Monday, November 15, 2010

On Being Misplaced

I spent the weekend at a conference which focused on women in the ancient world. I thought it would be significantly easier to navigate than the Indo-European Linguistics conference because I would understand everything that was going on and have read many of the texts being discussed. Yet, it was actually harder. Although I was engaged in the content of the papers, the people were more intimidating because I was engaged in the content. I felt that if I were to talk to anyone, I would have to ask some intelligent question about their talk in order to prove myself. A bubbling resentment arose; I should be in graduate school right now. Thinking back on it, not being in graduate school is not my problem.

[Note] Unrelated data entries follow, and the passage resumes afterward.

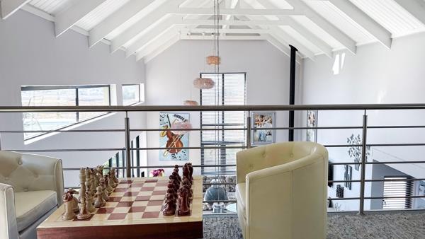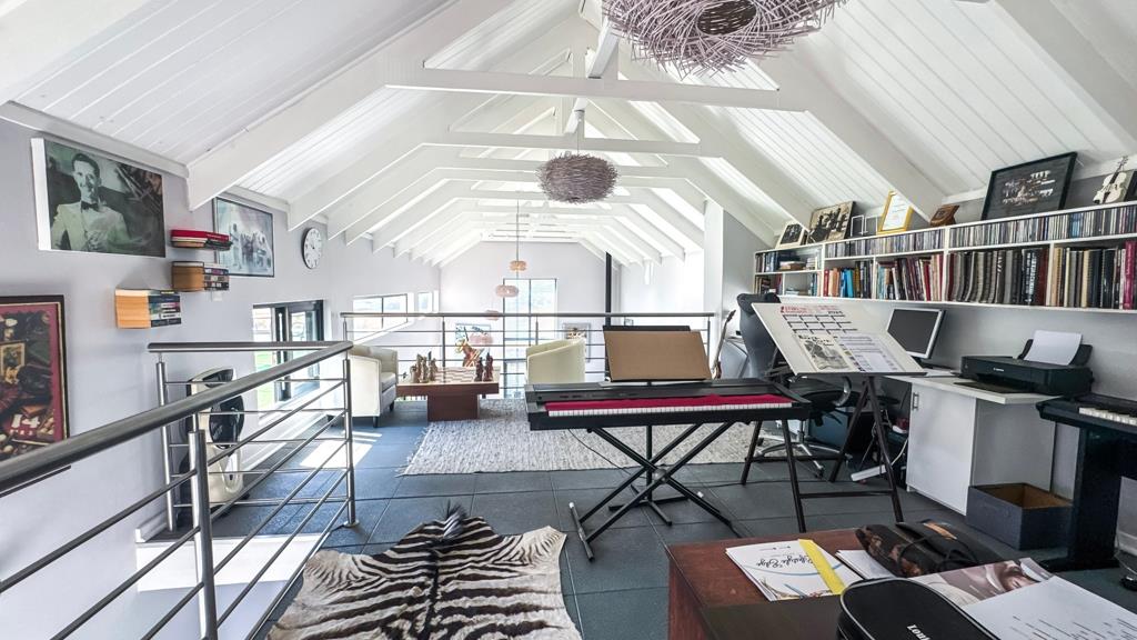 The homes soaring double-volume ceilings invite abundant natural light, enhancing the sense of openness and airy comfort.The property includes a delightful studio, perfect for unwinding even as a private pyjama lounge.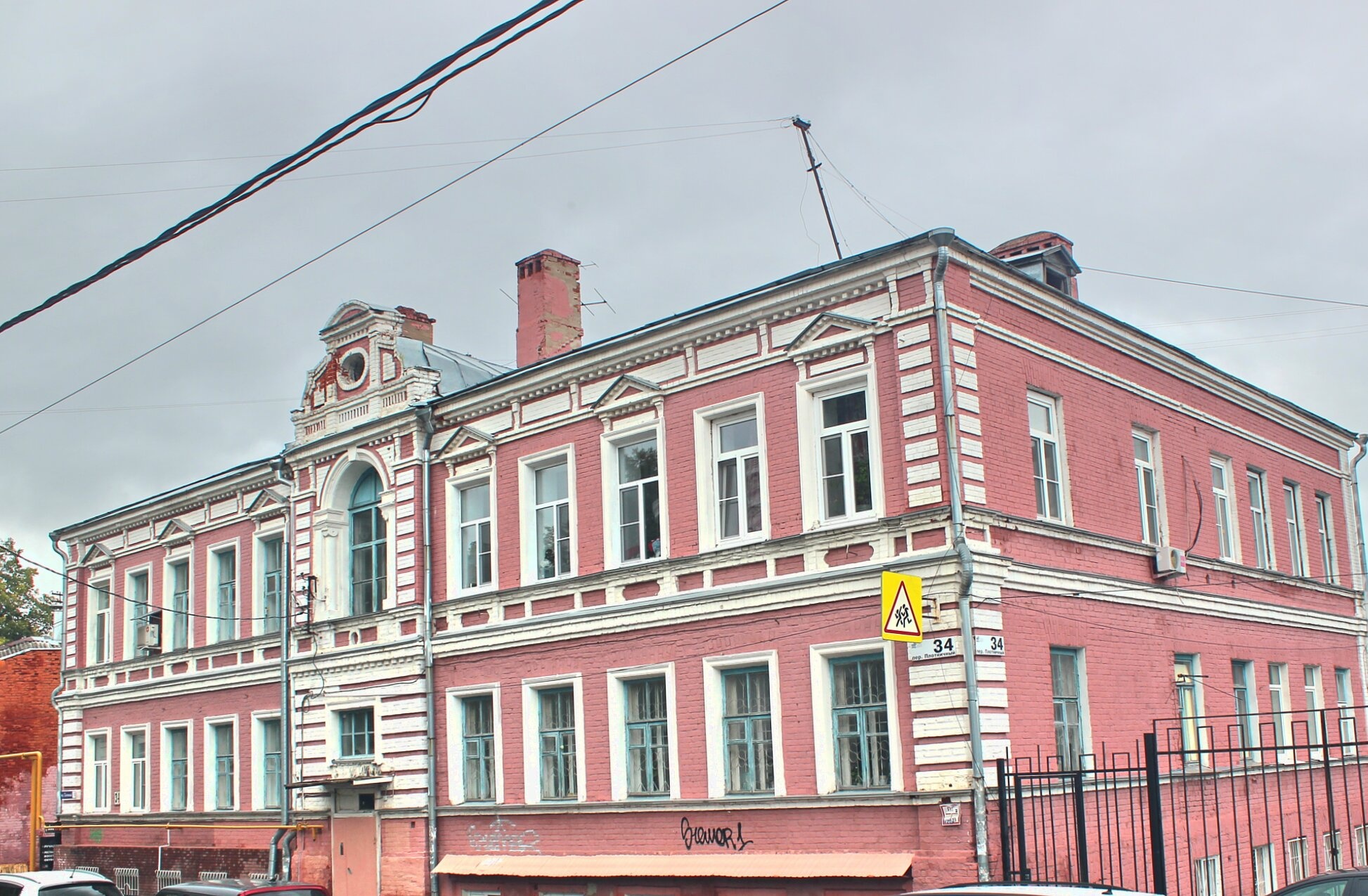 На представленной фотографии запечатлён старинный двухэтажный храм в честь Вознесения Господня, расположенный в исторической части Нижнего Новгорода, на улице Ильинской, в доме №34. Здание, сложенное из благородного розового кирпича и украшенное изящными белыми декоративными элементами, является выдающимся памятником церковной архитектуры.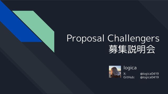 logica X: @logica0419 GitHub: @logica0419 Proposal Challengers 募集説明会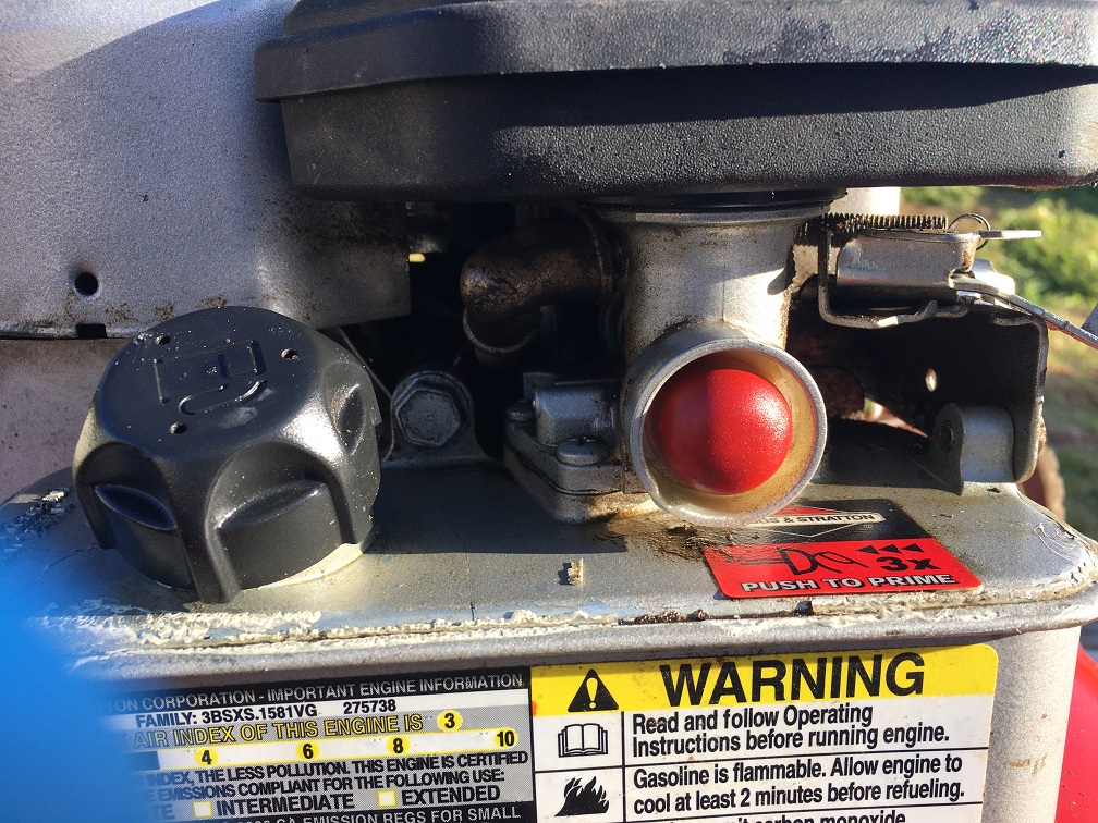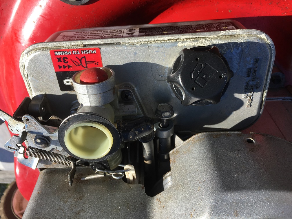 We had our roof redone and the crew that did was so careless that they flipped the lawnmower over and all the oil leaked into the engine and the fuel tanka nd carburetor. That and it being out in the lemenets with just a trash can lid over it and the 1000 pincer bugs that made a breeding nest there. So it looked okay after some cleanign but wouldn’t start and it took a damn lot of arm and connective to the body to pul that string handle. New spark plug and it would start for a while and then just die. I thought it was water in the fuel lines and low quality old gas, which it was but then it just started with the prime push button. If it starts and runs and then dies with just the prime it had to be the carburetor and lines.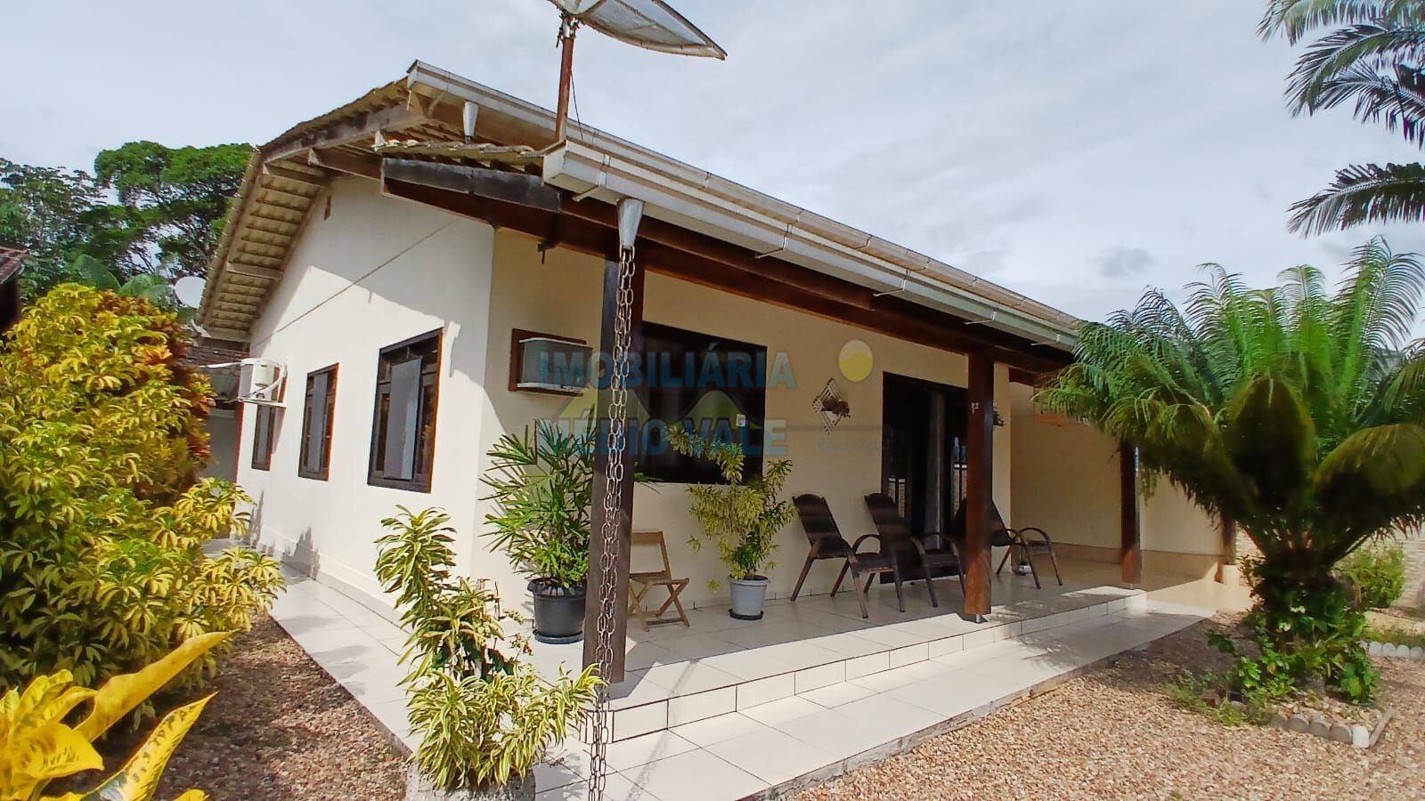 Casa principal com 120,00² c/ 03 dormitórios, sala de estar, ampla cozinha, banheiro, dispensa, área de serviço, varanda com churrasqueira, garagem para dois carros e um pomar atrás da casa com diversas frutas e verduras.

Not being in graduate school is actually a great thing right now. I get to explore the academic world. A friend told me about a book, Phrasikleia, a book he was reading for his thesis and I just picked up a cheap copy I stumbled upon and started reading it. I have the ability to visit conferences, art exhibits, and enjoy my discipline from many angles. My difficulty is that I cannot prove I belong somewhere by just saying the name of the graduate school that I attend. This, of course, makes the little failures (like my recent translation of Horace I.37) a little bit sharper. However, it also means that I have the time to iron out problems before I find a graduate school.

Considering this my misplaced irritations, I thought about the benefits and detriments of misplacement of words, emotions, etc. My first thought went to Horace-- poets often transfer or misplace (more accurately, displace) epithets to heighten certain passages and make them more artful. A lot of Latin poets used these misplaced epithets.

Since Sharon James' opening lecture at the conference, I have been thinking a lot about comedy (her lecture was on citizen women in Roman comedy). During the question and answer session, Amy Richlin brought up violence in Roman comedy. She explained that although it comes close, in no extant Roman plays is there any physical violence between husband and wife. Rather the violence is misplaced-- or displaced-- to slaves. According to Richlin, this is because it was no longer funny, even to a Roman audience, if the director showed violence between husband and wife onstage. In more modern humor, there is the same displacement of insults, etc., in order to create comic scenarios.

So misplacement (or displacement) is a common theme. It does not make my discomfort and the conference any less silly, but it illuminates how common it is in the human experience.